At the turn of the millennium, American culture exited an era of ‘tude, grunge, and MTV nihilism. FLCL was passé at its release, missing the zeitgeist by a couple years. To an American teenager, that may as well be an entire lifetime. My teenage self was not ready to appreciate FLCL.
Now, we are both certifiably old, with the minutiae of the anime’s release window lost to time. Though a product of the year 2000, it’s a nostalgic capsule of 1990s zeitgeist — of divorced families, confusion and angst bubbling under a poker face of feigned indifference and aimless rebellion. Nobody wears the mask better than the teens of FLCL. Space Pirate Haruko plays the trickster, bashing their masks to bits with her spirit guitar, accessing a portal “between the left and right brain” through which all manner of inner demons and 90s trash culture manifest.

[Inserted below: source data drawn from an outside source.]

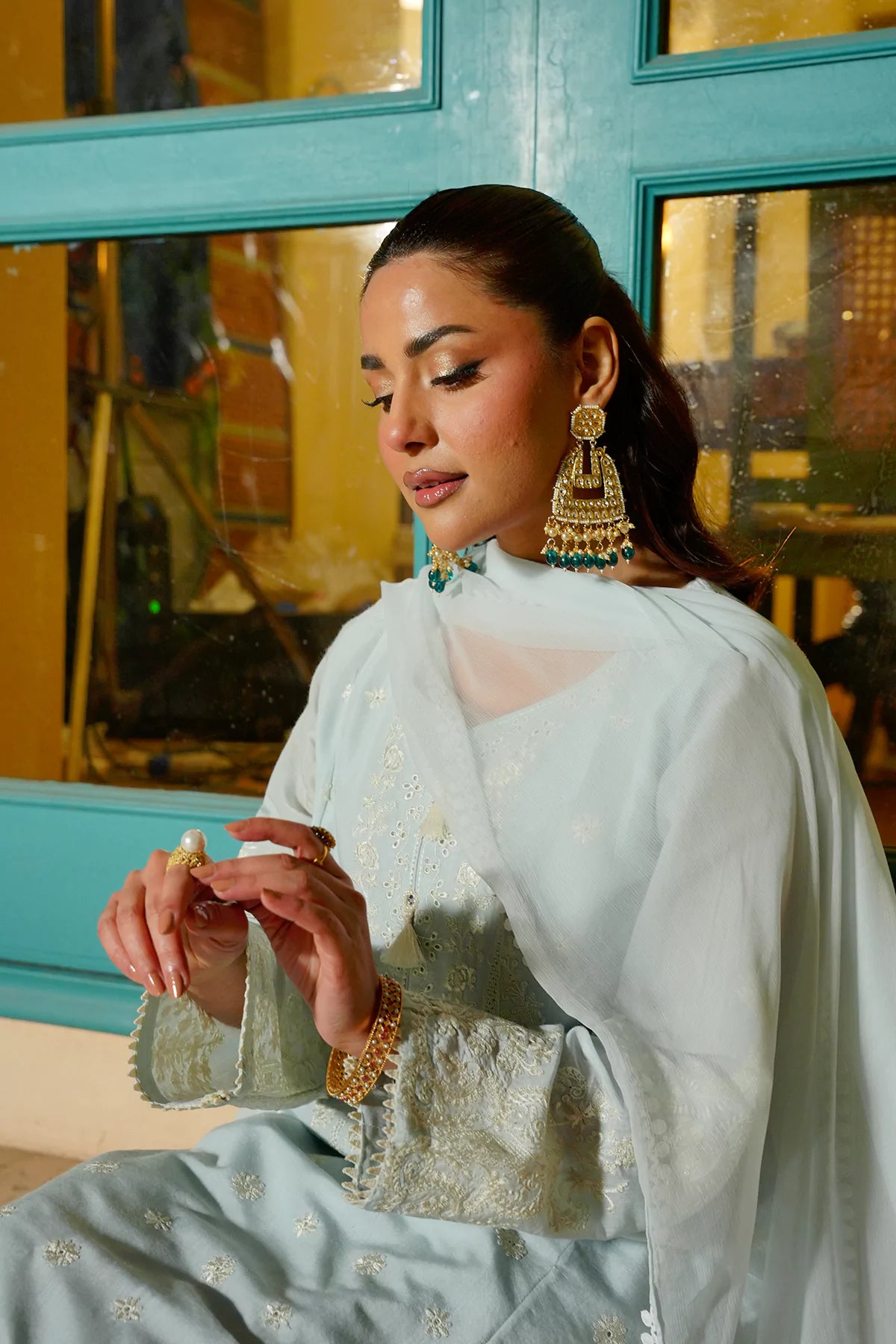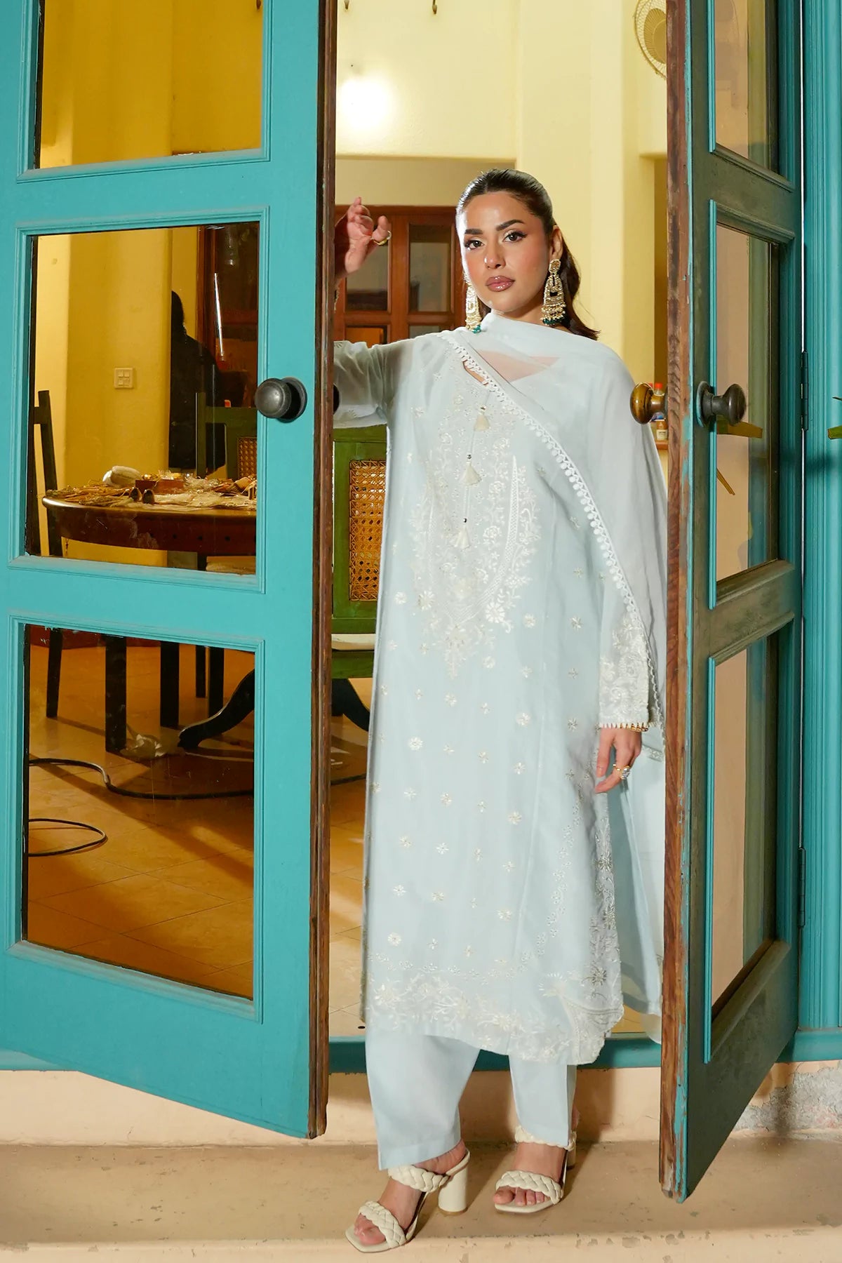 Step into effortless elegance with Aqua Aura Set – Delicate Elegance, a beautifully crafted ensemble that reflects grace, delicate artistry, and timeless sophistication. Designed for women who appreciate refined embroidery and subtle luxury, this outfit blends soft pastel tones with intricate detailing to create a look that feels both classic and graceful.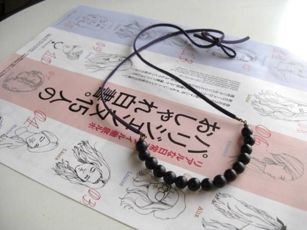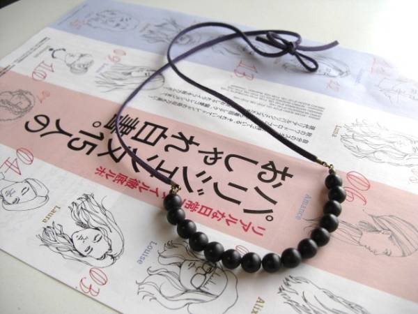 小粋にセレクト・・シリーズです♪ダルメシアンに恋して・・シックなマットオニキスのネックレスです♪丸玉のマットオニキスがキュートな表情です♪ダークパープルのスエード紐を合わせました♪お好きな長さで結んでいただけます♪又チェーンにも変更出来ます♪8ミリの丸玉のマットオニキスは長さ90センチ位で調節自由です♪お揃いのネックレスやリングやピアスも出品しています♪シンプルで飽きのこないいつまでも着けられるデザインを考えて作りました!ハンドメイドをご理解頂いてノークレーム、ノーリターンでお願いします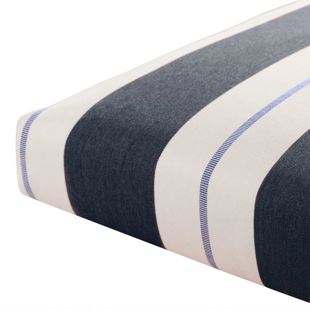 Featuring navy, white and gray stripes, our custom-made Sunbrella cushion gives your Adirondack chair a plush feel. Sunbrella performance fabric is crafted of highly saturated, U.V.-stable pigments that don’t fade, it resists mold and mildew and is durable and easy to clean. Since 1961 Sunbrella has produced innovative materials while striving to make minimal impact on the environment and never sacrificing beauty or style.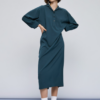 Μακρύ φόρεμα με αποσπώμενη δετή ζώνη. Διαθέτει γιακά και άνοιγμα με κουμπιά μπροστά. Επιλέξτε το για κομψές εμφανίσεις όλη μέρα.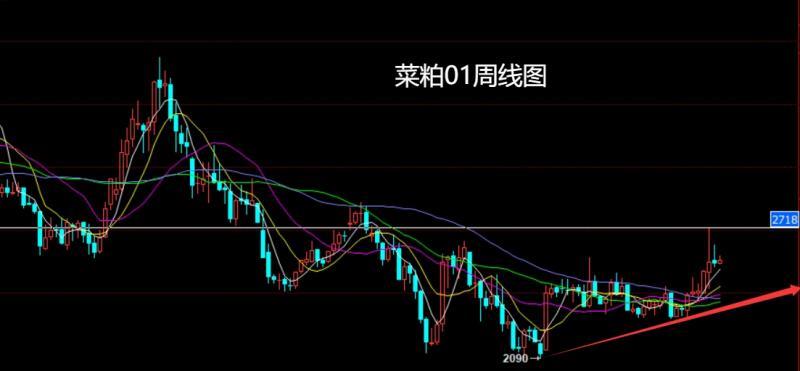 菜粕01市场上周开盘在2558的位置后行情先拉升给出2635的位置后行情强势回落,周线最低给到了2525的位置后行情整理,周线最终收线在了2556的位置后行情以一根上影线很长的孕线射击之星形态收线而这样的形态收尾后,本周2585空止损2605下方目标看2550和2525,跌破看2500和2480.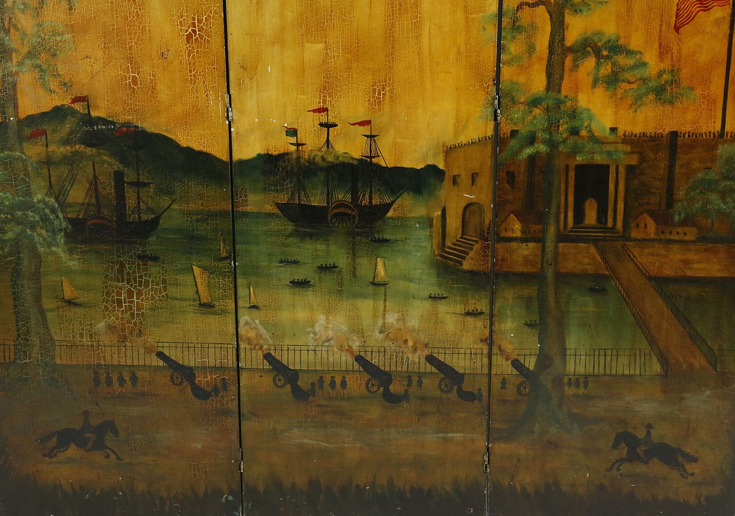 Vintage 1920s Hand Decorated Three Panel Room Divider Consign Now DeptDecorative Arts, Fine ArtsSizeHeight 67.5 in. Width 53.5 in. Vintage 1920s Hand Decorated Three Panel Room Divider, with large hand painted battle scene with ships, cannon, soldiers and large fort flying American flag Height 67.5 in. Width 53.5 in. Please note that this auction has ended. Click here for an overview of this auction.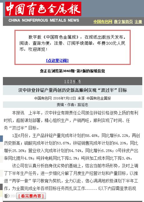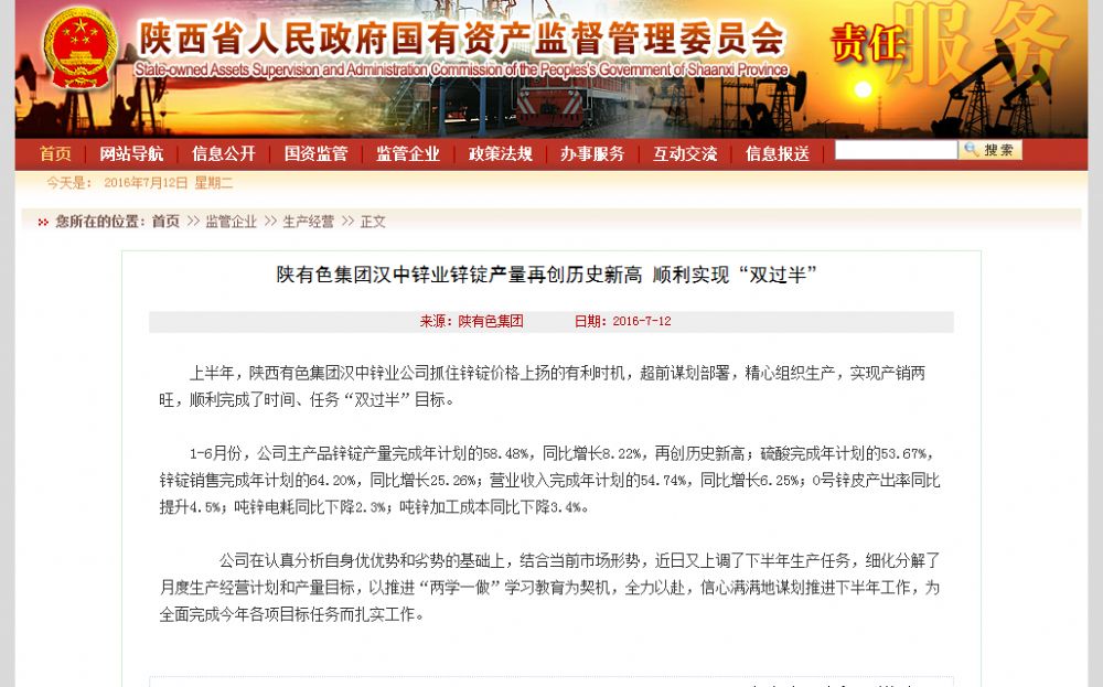 陜西國資委網(wǎng)站、中國有色報:漢中鋅業(yè)鋅錠產(chǎn)量再創(chuàng)歷史新高 順利實現(xiàn)“雙過半”目標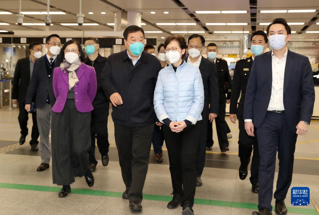 2月28日,香港特區行政長(cháng)官林鄭月娥等赴口岸迎接專(zhuān)家組一行。新華社記者 李鋼 攝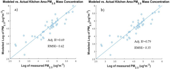 Modeled log of 48-h integrated PM2.5 mass concentrations vs. log measured PM2.5 mass concentrations using (a) Equation (7) without a pointwise RH correction, and (b) Equation (8) with pointwise RH-corrected data. Full model results can be found in the Supplementary Materials.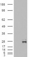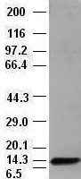 - HEK293T cells were transfected with the pCMV6-ENTRY control (Left lane) or pCMV6-ENTRY NTF4 (Right lane) cDNA for 48 hrs and lysed. Equivalent amounts of cell lysates (5 ug per lane) were separated by SDS-PAGE and immunoblotted with anti-NTF4.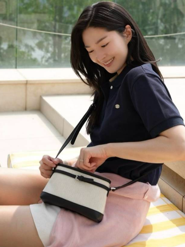 여기에 블랙 앤 화이트 컬러의 스니커즈와 크로스백을 매치해 스포티한 무드를 완성, 실용성과 스타일을 모두 갖춘 여름룩을 완성했습니다.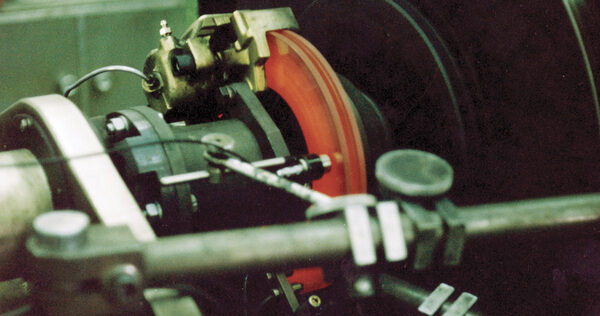 Díky teplotní stabilitě se kapacitní senzory ve velkém používají pro měření házivosti a tloušťky brzdových kotoučů přímo v zátěžových testech. (Zdroj: Micro-Epsilon)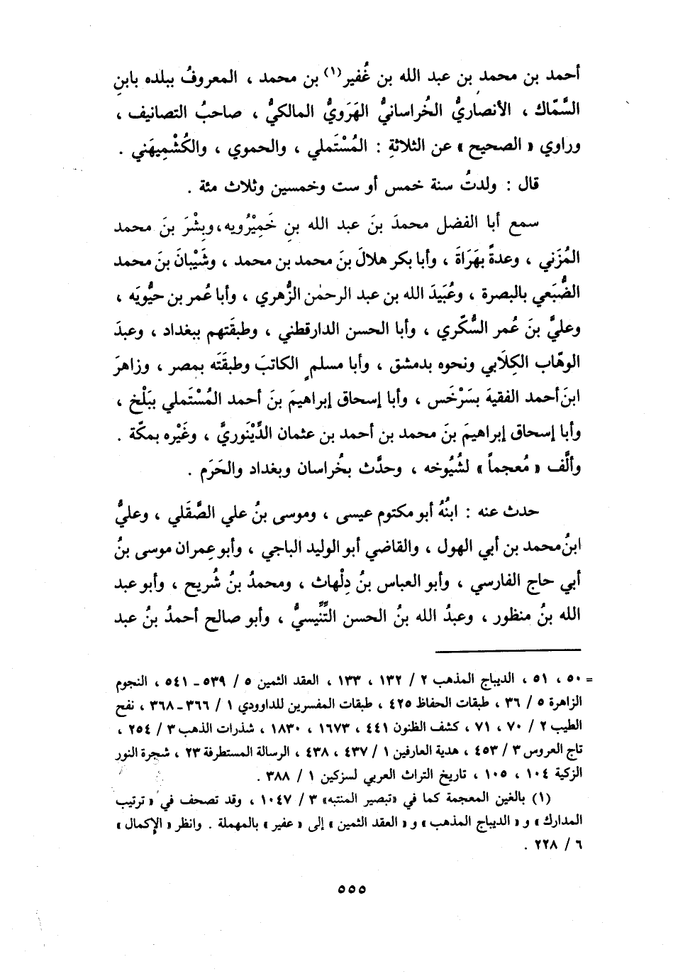 أَحْمَدَ بنِ مُحَمَّدِ بنِ عَبْدِ اللهِ بنِ غُفير (1) بن مُحَمَّدٍ، المَعْرُوفُ بِبَلَدِهِ: بِابْنِ السَّمَّاك الأَنْصَارِيُّ، الخُرَاسَانِيُّ، الهَرَوِيُّ، المَالِكِيُّ، صَاحِبُ التَّصَانِيْفِ، وَرَاوي (الصَّحِيْح) عَنِ الثَّلاَثَةِ: المُسْتَمْلِي، وَالحَمْوِيِّ، وَالكُشْمِيْهَنِيِّ.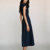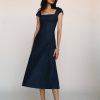 What do we have here? Shop the Harlie Dress from Reformation, a short-sleeved midi dress with a square neckline and cap sleeves.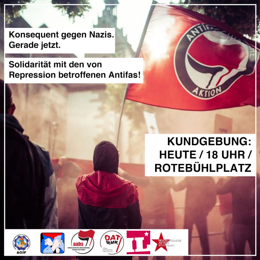 Heute Morgen wurden von mehreren hundert Polizist*innen in sieben Städten Wohnungen von neun Antifaschist*innen durchsucht. Hintergrund war ein Angriff auf einen rechten Betriebsrat bei einer Corona Demo in Stuttgart Mitte Mai. Eine Person wurde wegen einem Haftbefehl wegen versuchtem Totschlag in U-Haft gesteckt.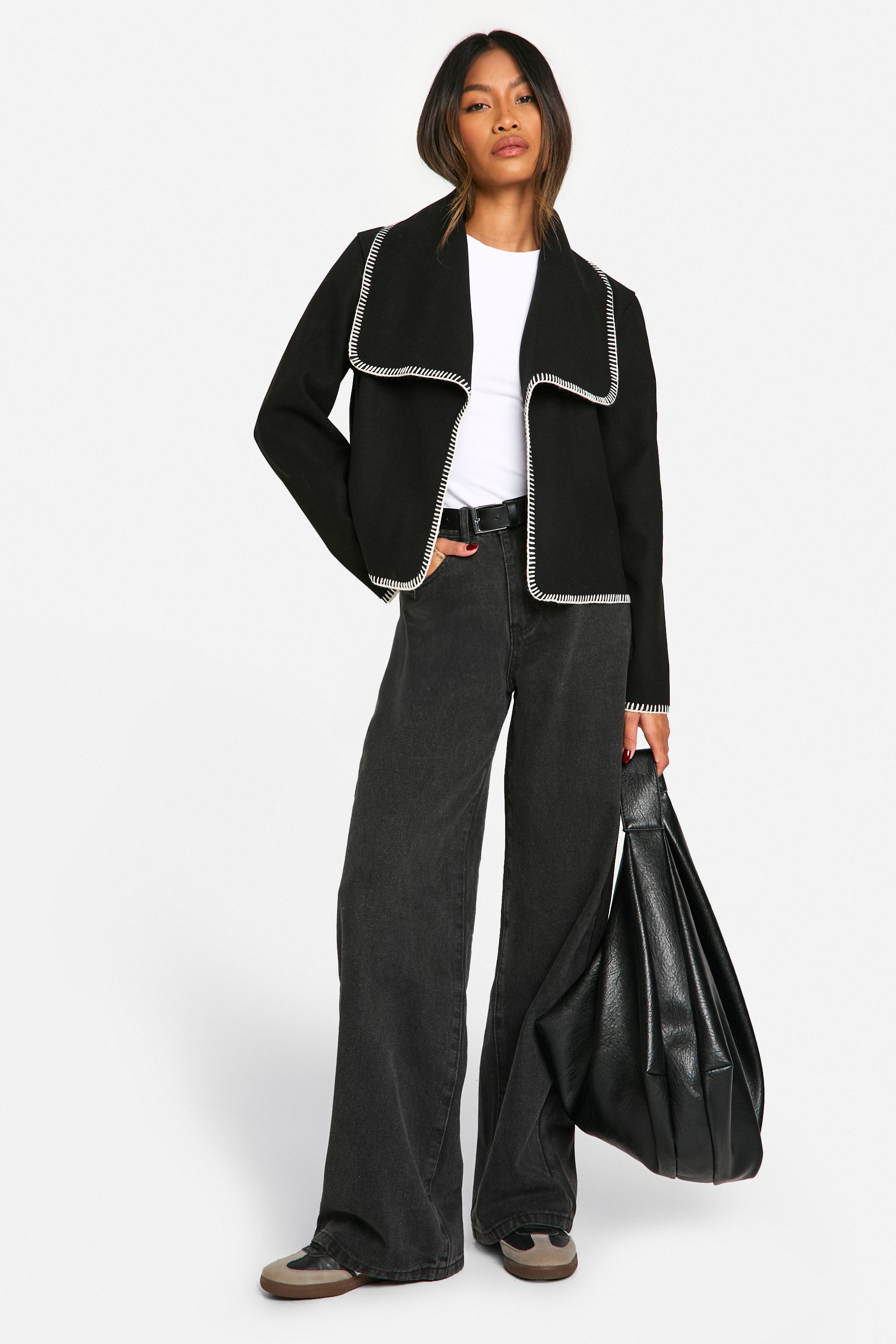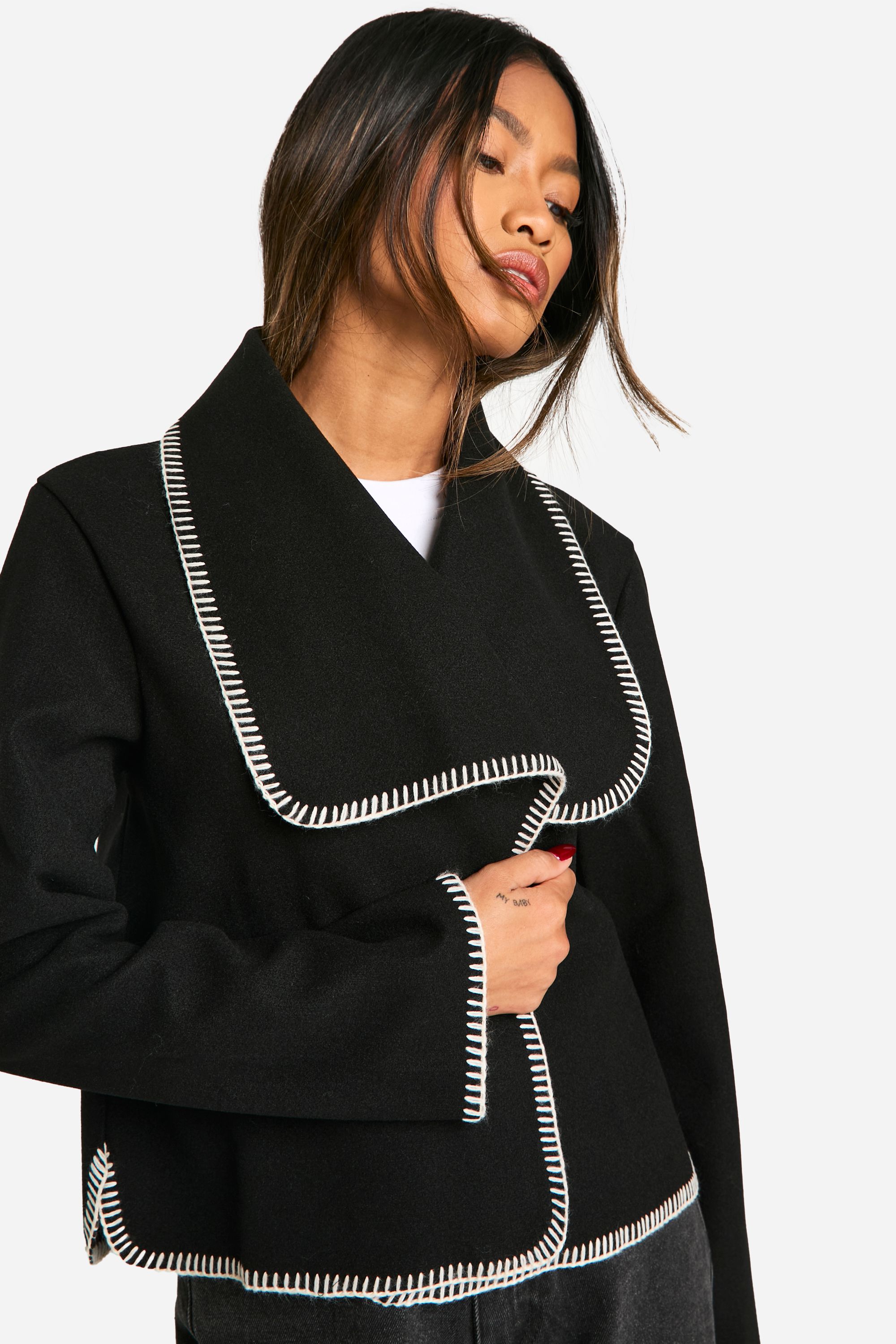 - Open front style for effortless layering This eye-catching jacket in wool-look fabric is the perfect addition to your autumn wardrobe. The distinctive waterfall collar creates a fluid, feminine line that drapes beautifully, while the boxy fit ensures comfort and ease of movement. Style it over a crisp white tee and wide-leg trousers for a chic daytime look, or throw it on over a sleek dress for evening drinks. The versatile design makes it ideal for family gatherings or casual outings with friends. For a more polished ensemble, cinch the waist with a statement belt and pair with ankle boots. The contrasting whipstitch trim adds a touch of artisanal flair, making this jacket a standout piece that will turn heads wherever you go. Embrace the cooler weather in style with this must-have jacket that effortlessly combines comfort and fashion-forward design.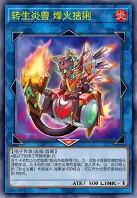 ●以用和自身同名的怪兽为素材作连接召唤的自己场上1只「转生炎兽」连接怪兽为对象才能发动。选最多有那只怪兽的连接标记数量的对方场上的卡破坏。

While FLCL inadvertently commemorates an end of a cultural era, it also features two important beginnings. Though not the first digitally composited anime (4°C’s Tobira wo Akete and Satelight’s BitCupid take that honor), I.G’s larger-scale effort was nevertheless cutting edge and became a trendsetter for all looking to ditch animation cels, paint and physical film from their production workflows. For all the hemming and hawing over the loss of traditional photography’s “warmth”, FLCL looks quite normal today. But unlike most anime, including its own sequel, FLCL actually has a look.
A towering alien monolith shaped like a clothes iron smothers the city of Mabase in a persistent haze, rendered in stylish watercolor backgrounds that fade into the wistful hues of dusk & dawn, the inky blue of night, and the oppressive grey of midday. Its lack of warmth matches its bleak, teenage nihilism; a world that threatens to vanish into the fog of indifference.
Hiroyuki Imaishi (of studio Trigger fame) is its other important beginning. Though his animation is noticeably present in every episode, the gun-crazy #5 is where Imaishi creates a frenzied look & feel that plays like a prototype Dead Leaves. He would later redefine Gainax’s identity before whisking its animators away to studio Trigger, but nevertheless, it feels like Trigger's primordial beginnings are here, in the newfound swagger of its setpieces from animators like Imaishi and Yō Yoshinari (Little Witch Academia).
In the modern day, FLCL can be watched as a period anime depicting youth culture before the onset of full-blown emo, moe and social media. The ashes of a cigarette enjoyed in teenage rebellion fall from a bridge like snow. The director’s hand hovers over the fuzz knob for its turn-it-up action scenes, and sure enough the vintage guitars and nonsense mecha of idle youth come spilling forth from the cranium alongside a 90s alt-rock anthem.